| Work request |
The lines to be extracted begin at the line containing "(左上から) アプリコット・" and end at the last line of the data below; copy them exactly and leave out the pictures.

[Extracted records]

================

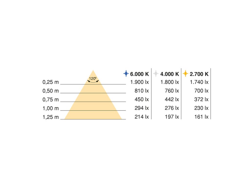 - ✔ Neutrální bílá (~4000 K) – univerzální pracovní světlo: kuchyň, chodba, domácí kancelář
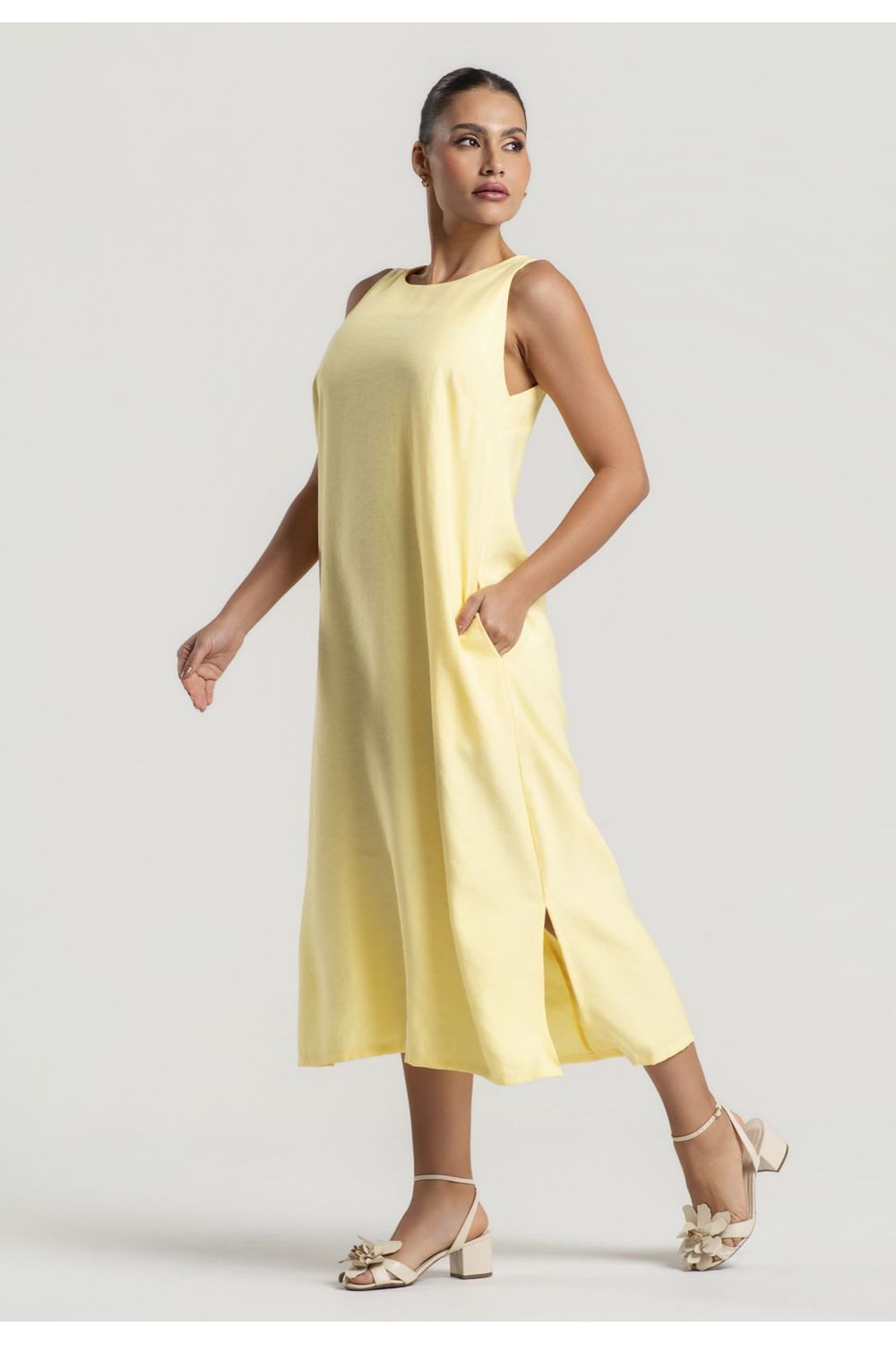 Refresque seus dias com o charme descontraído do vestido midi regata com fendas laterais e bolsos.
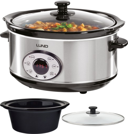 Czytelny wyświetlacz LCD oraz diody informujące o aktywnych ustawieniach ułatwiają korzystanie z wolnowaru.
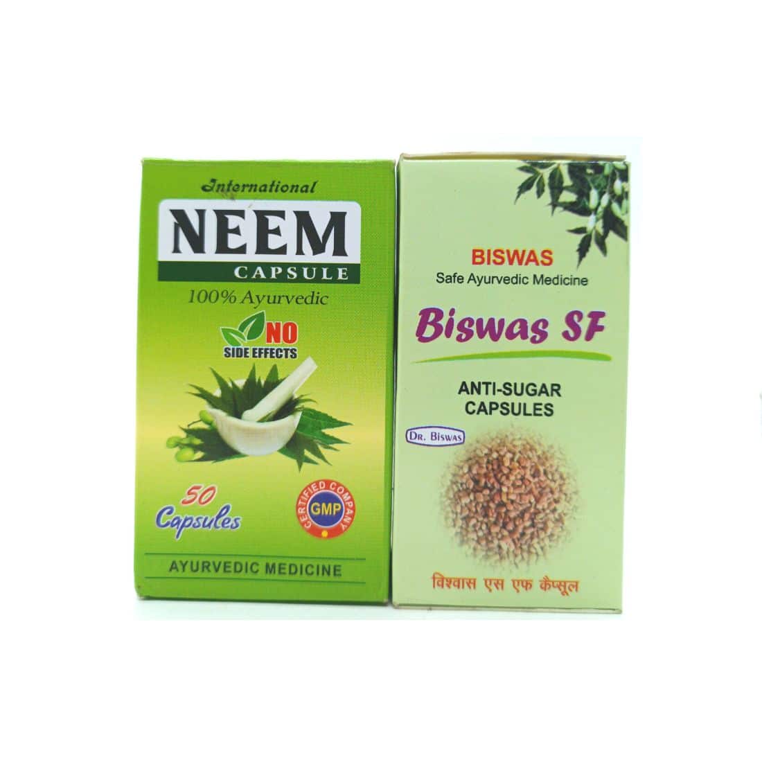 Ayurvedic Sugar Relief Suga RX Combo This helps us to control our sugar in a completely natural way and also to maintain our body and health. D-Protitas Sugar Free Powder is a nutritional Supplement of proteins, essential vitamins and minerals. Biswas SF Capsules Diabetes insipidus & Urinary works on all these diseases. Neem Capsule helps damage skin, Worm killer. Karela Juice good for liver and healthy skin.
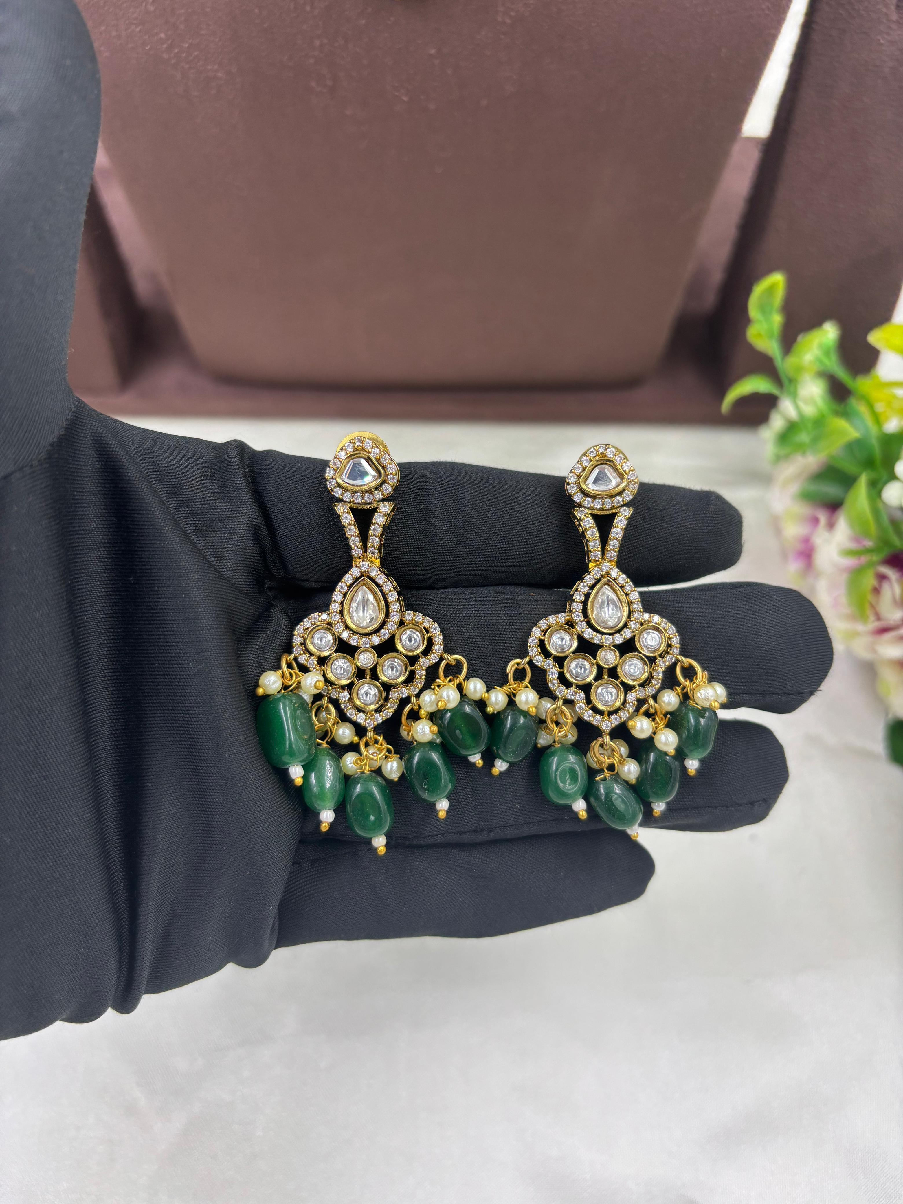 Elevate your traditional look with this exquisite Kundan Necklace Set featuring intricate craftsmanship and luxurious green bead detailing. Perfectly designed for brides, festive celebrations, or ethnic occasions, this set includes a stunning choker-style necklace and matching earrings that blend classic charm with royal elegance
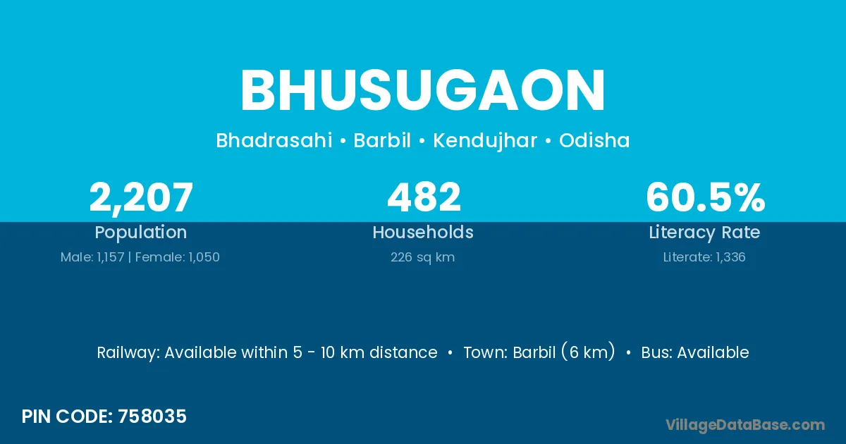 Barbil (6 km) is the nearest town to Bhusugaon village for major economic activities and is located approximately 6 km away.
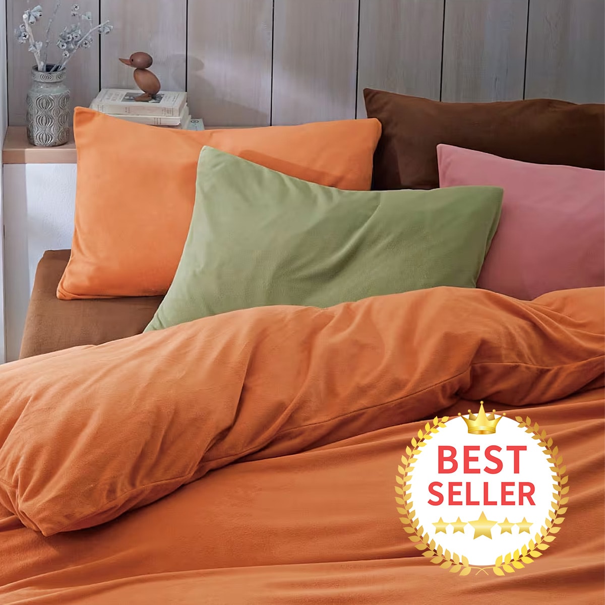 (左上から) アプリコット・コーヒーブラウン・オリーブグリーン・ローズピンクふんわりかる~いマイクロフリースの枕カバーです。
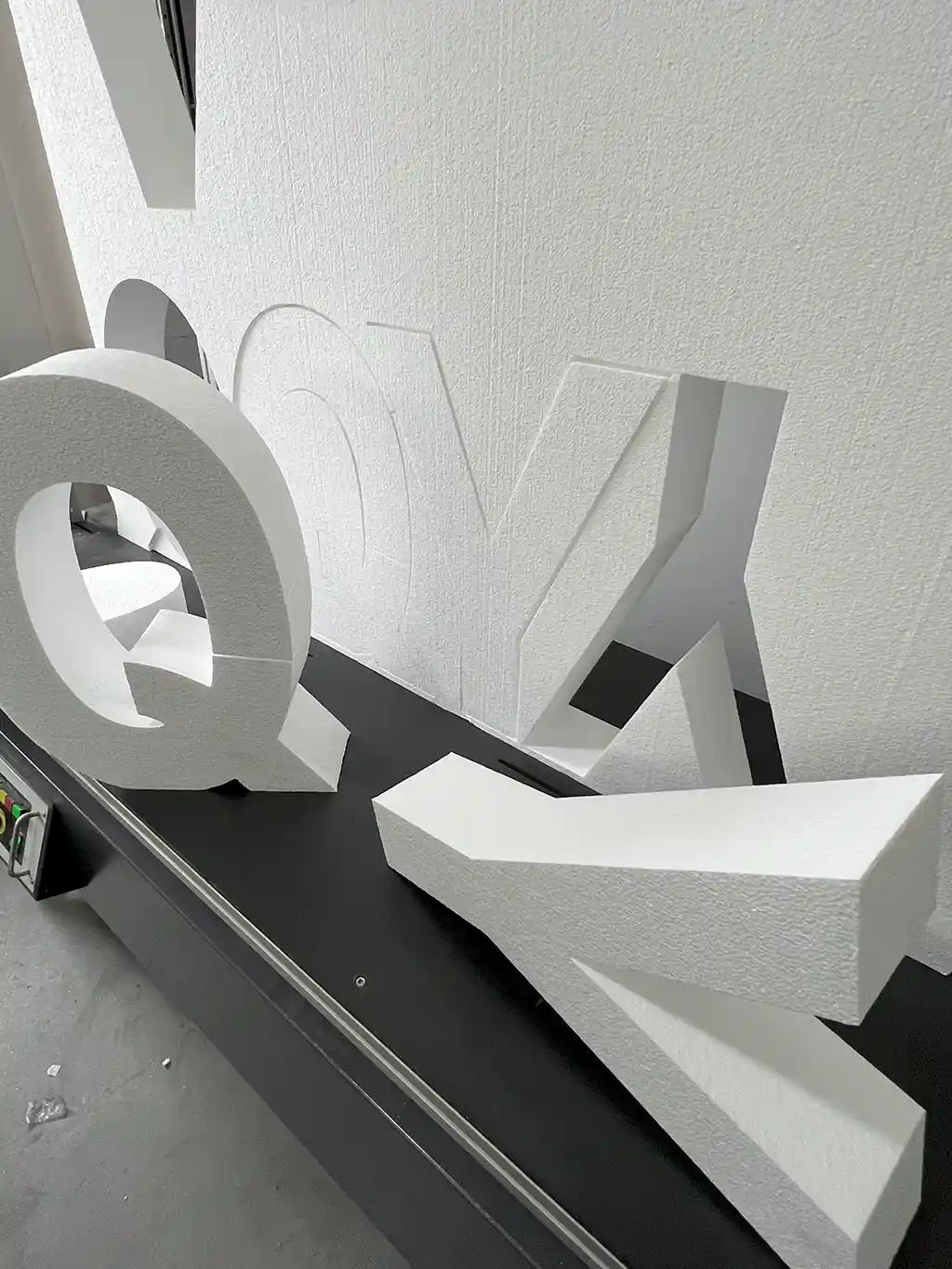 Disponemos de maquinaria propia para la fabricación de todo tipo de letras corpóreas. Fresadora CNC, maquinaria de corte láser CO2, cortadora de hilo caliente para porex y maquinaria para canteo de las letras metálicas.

================

| Final answer |
 (左上から) アプリコット・コーヒーブラウン・オリーブグリーン・ローズピンクふんわりかる~いマイクロフリースの枕カバーです。
 Disponemos de maquinaria propia para la fabricación de todo tipo de letras corpóreas. Fresadora CNC, maquinaria de corte láser CO2, cortadora de hilo caliente para porex y maquinaria para canteo de las letras metálicas.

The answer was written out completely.